» Task details
Take nothing but the lines from the one with "Embrace the exquisite" through the one with "在【我的】--【我的勋章】里面查看自己的勋章墙!所获得的水滴总数!" in the entries below, both ends kept, and return them exactly with pictures left out.
Start of Material provided
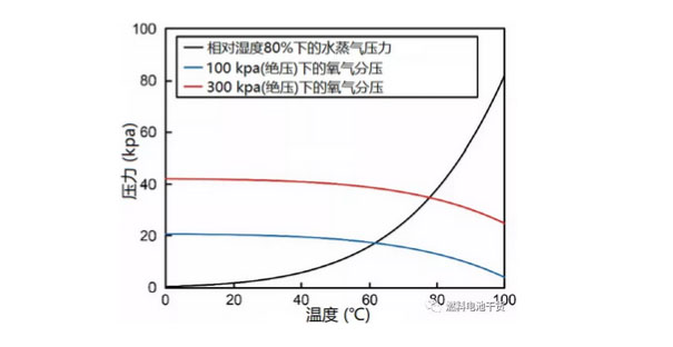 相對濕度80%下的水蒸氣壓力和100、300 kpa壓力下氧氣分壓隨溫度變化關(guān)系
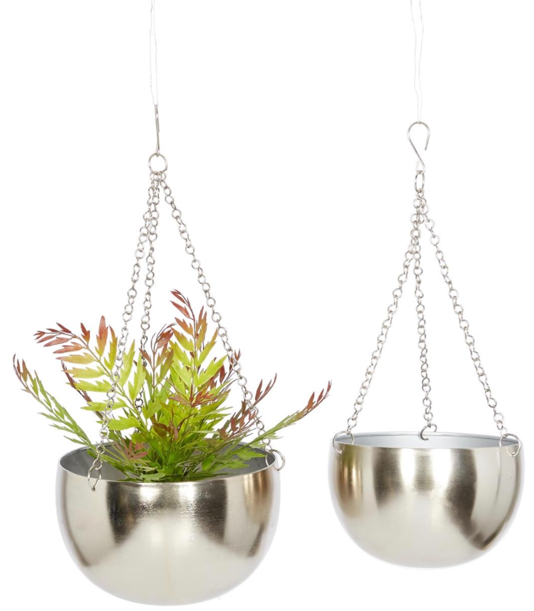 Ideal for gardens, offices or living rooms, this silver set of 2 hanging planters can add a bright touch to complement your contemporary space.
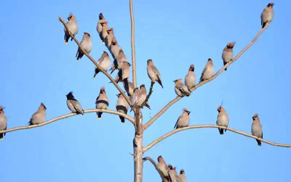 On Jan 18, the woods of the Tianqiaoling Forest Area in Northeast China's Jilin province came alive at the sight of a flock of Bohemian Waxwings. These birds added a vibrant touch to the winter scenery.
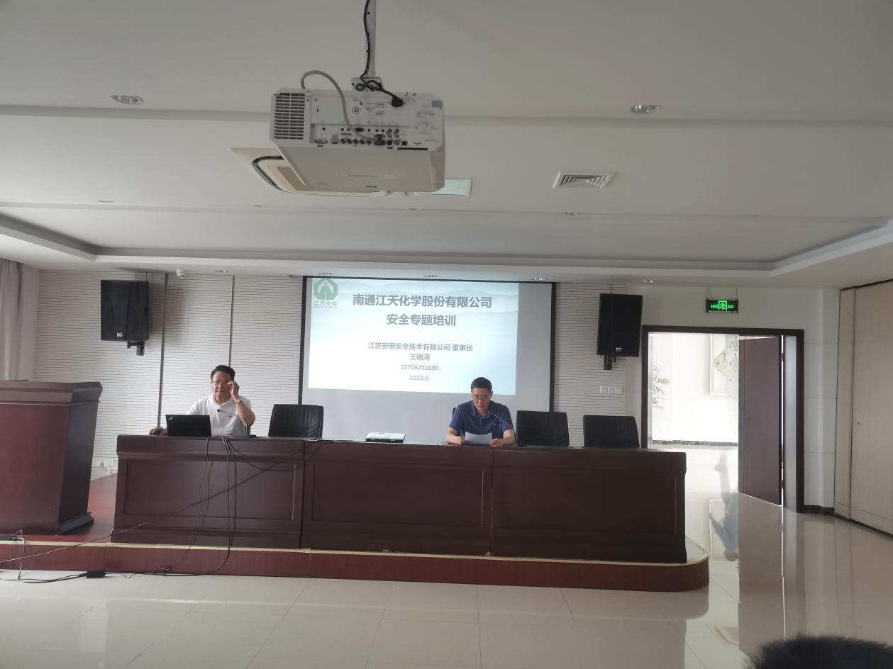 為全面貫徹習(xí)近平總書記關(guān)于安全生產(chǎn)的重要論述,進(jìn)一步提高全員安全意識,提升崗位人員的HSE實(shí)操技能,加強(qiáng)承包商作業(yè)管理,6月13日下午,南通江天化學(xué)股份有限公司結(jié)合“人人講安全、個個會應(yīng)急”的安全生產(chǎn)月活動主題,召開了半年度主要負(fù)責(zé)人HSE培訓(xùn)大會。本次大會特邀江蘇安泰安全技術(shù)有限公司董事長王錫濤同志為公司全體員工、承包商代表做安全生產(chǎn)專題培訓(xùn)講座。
End of Material provided
Start of Material provided
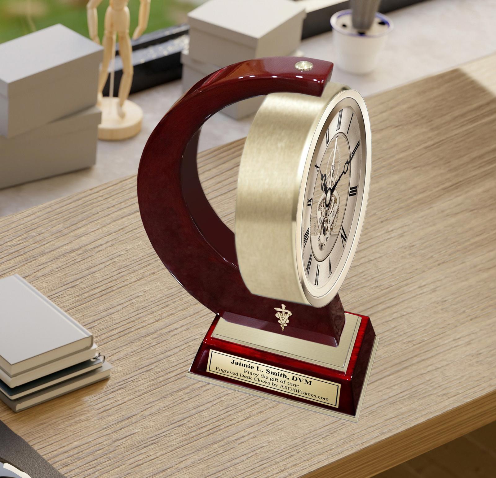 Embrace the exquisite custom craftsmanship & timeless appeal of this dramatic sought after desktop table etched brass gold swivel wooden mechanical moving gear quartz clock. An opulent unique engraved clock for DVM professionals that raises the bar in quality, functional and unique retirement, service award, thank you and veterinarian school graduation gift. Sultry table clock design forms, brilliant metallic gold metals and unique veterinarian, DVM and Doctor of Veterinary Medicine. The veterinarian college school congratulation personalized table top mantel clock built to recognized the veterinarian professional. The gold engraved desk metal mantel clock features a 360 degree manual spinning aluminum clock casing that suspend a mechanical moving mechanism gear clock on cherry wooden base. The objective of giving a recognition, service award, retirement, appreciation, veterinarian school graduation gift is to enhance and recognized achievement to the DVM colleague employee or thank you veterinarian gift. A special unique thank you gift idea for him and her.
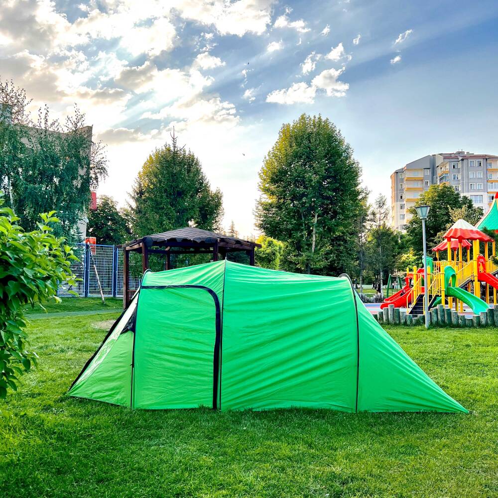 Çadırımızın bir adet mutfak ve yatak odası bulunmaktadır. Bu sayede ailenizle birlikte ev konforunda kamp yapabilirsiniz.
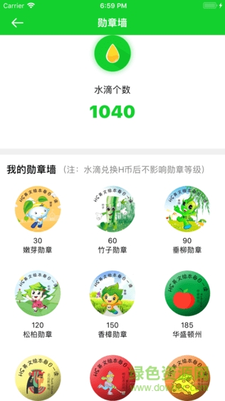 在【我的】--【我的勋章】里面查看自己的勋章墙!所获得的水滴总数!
End of Material provided
Start of Material provided
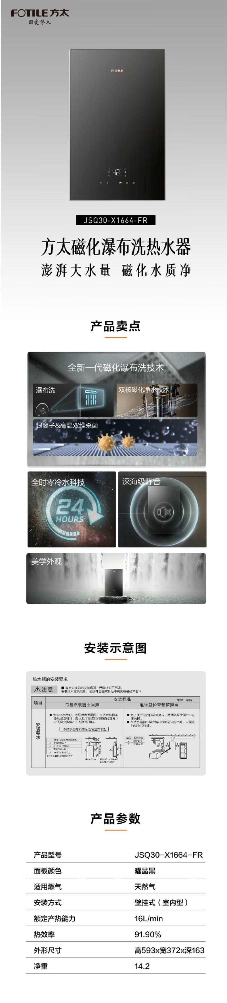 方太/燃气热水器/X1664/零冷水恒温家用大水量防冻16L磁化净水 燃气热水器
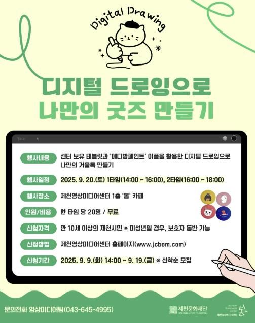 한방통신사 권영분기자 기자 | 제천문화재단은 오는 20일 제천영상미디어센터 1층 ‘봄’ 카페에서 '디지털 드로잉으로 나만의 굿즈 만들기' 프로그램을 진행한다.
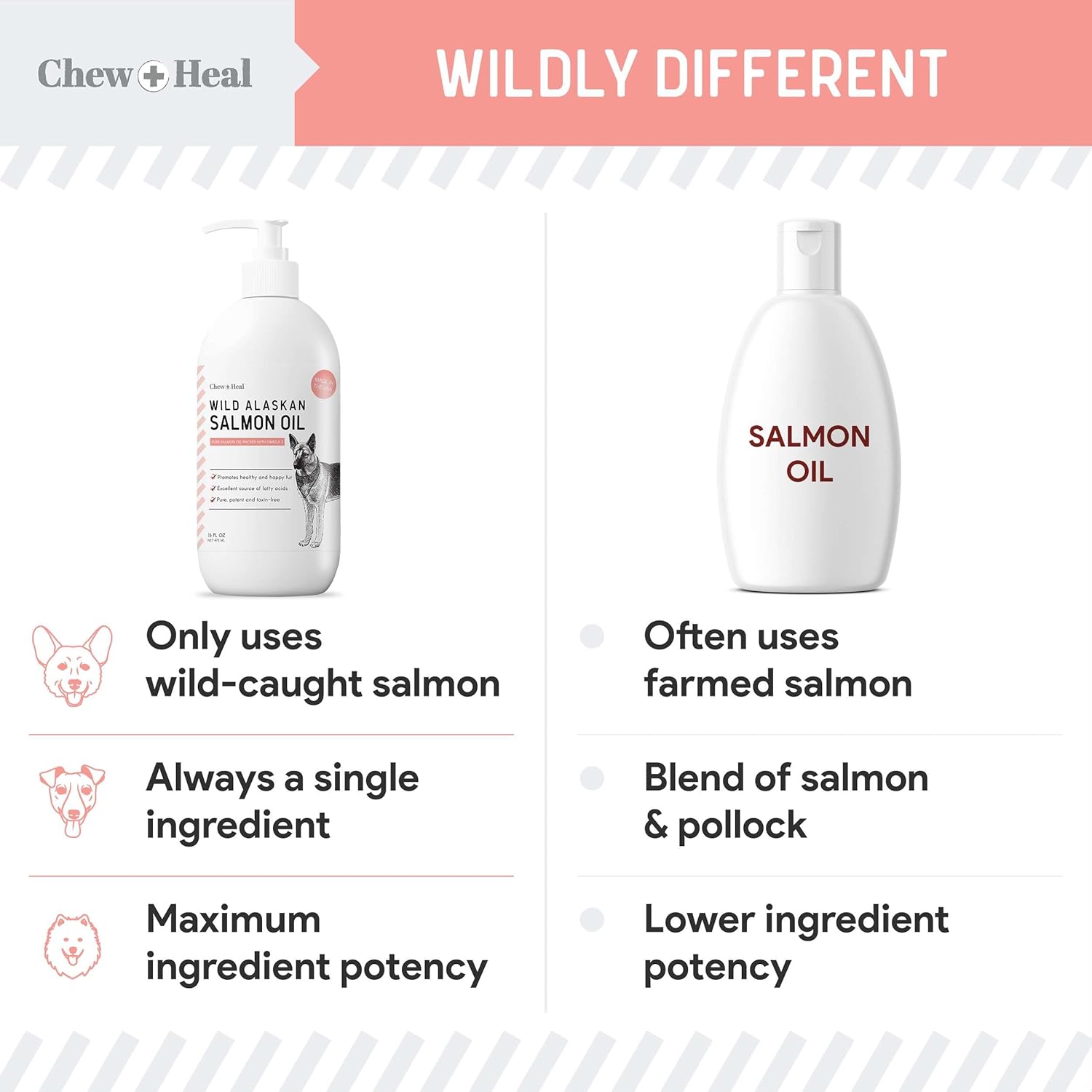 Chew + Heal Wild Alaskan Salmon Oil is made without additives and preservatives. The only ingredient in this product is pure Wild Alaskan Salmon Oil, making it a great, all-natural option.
End of Material provided
» Answer to this task
 Embrace the exquisite custom craftsmanship & timeless appeal of this dramatic sought after desktop table etched brass gold swivel wooden mechanical moving gear quartz clock. An opulent unique engraved clock for DVM professionals that raises the bar in quality, functional and unique retirement, service award, thank you and veterinarian school graduation gift. Sultry table clock design forms, brilliant metallic gold metals and unique veterinarian, DVM and Doctor of Veterinary Medicine. The veterinarian college school congratulation personalized table top mantel clock built to recognized the veterinarian professional. The gold engraved desk metal mantel clock features a 360 degree manual spinning aluminum clock casing that suspend a mechanical moving mechanism gear clock on cherry wooden base. The objective of giving a recognition, service award, retirement, appreciation, veterinarian school graduation gift is to enhance and recognized achievement to the DVM colleague employee or thank you veterinarian gift. A special unique thank you gift idea for him and her.
 Çadırımızın bir adet mutfak ve yatak odası bulunmaktadır. Bu sayede ailenizle birlikte ev konforunda kamp yapabilirsiniz.
 在【我的】--【我的勋章】里面查看自己的勋章墙!所获得的水滴总数!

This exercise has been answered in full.